Manufacturing Industry

ISRI member calls for immigration reform - Scrap Industry News - Institute of Scrap Recycling Industries Inc - Brief Article

Recycling Today, Oct, 2002

A Utah-based scrap recycler and long-time member of the Institute of Scrap Recycling Industries Inc. (ISRI) is urging the trade group to push for immigration reform.

Speaking at the ISRI Commodity Roundtables held in September in Chicago, Don Lewon, president of Utah Metal Works Inc., Salt Lake City, declared that the scrap industry's workforce is threatened by new immigration crackdowns imposed after last year's September 11 attacks.

"Like many recyclers, particularly in the West and South, we have a number of talented and hard-working Hispanic workers at our company," said Lewon.

Lewon stated that both ISRI and U.S. business owners at large have not acknowledged their dependence on Hispanic immigrants. "The Hispanic U.S. work force is large, and we've failed to recognize the impact of the Latino worker on the U.S. economy," he remarked.
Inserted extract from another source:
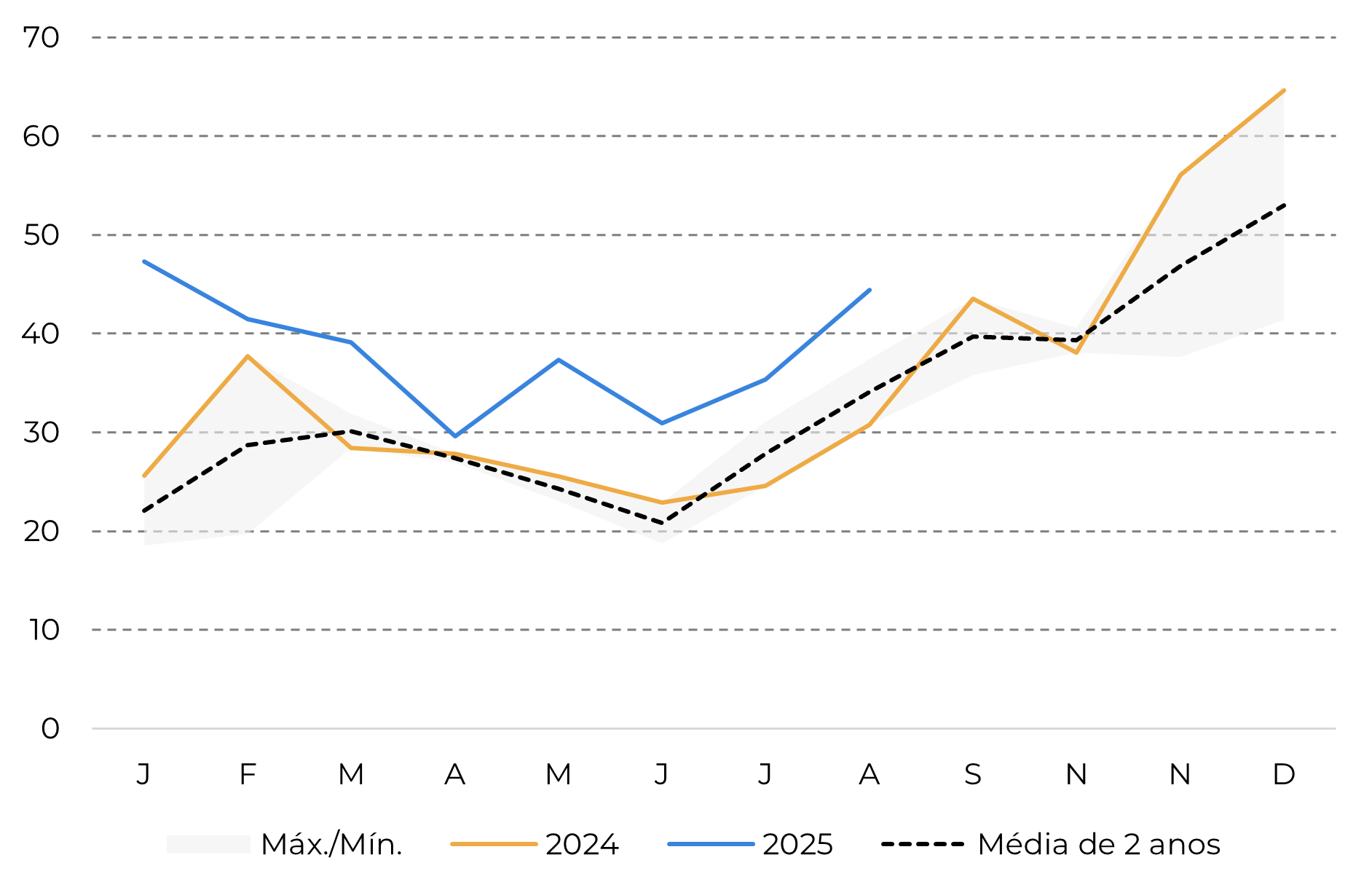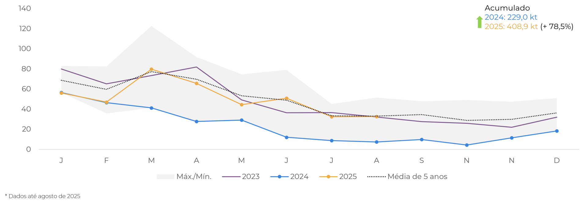 No que diz respeito à demanda, os Estados Unidos seguem apresentando um quadro mais resiliente. As importações líquidas de cacau voltaram a crescer em agosto após o período de interrupção de dados durante o shutdown, permanecendo próximas da média histórica. No acumulado do ano até agosto, os volumes cresceram de forma expressiva em relação a 2024, impulsionados principalmente pela importação de amêndoas, sinalizando manutenção de uma demanda mais firme na América do Norte.

Since the September 11 attacks, the federal government has been much stricter in its enforcement of employer documentation of workers, mandating the filing of such proof of citizenship documents as the I-9 form.

"The 9/11 attacks have caused a change on the labor front. The federal government is now using industry vicariously as agents of the Labor Department," he declared.
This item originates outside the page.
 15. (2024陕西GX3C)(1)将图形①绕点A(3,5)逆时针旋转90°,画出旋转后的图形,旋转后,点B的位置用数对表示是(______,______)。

Lewon said his own company is helping undocumented immigrants retain legal assistance to stay in the U.S., but said it will be difficult for companies to go it alone on this issue.

He called on ISRI to work with other trade associations to advocate reform. Lewon listed the construction, health care and several other industries that would be natural allies for ISRI in its efforts to push for reform.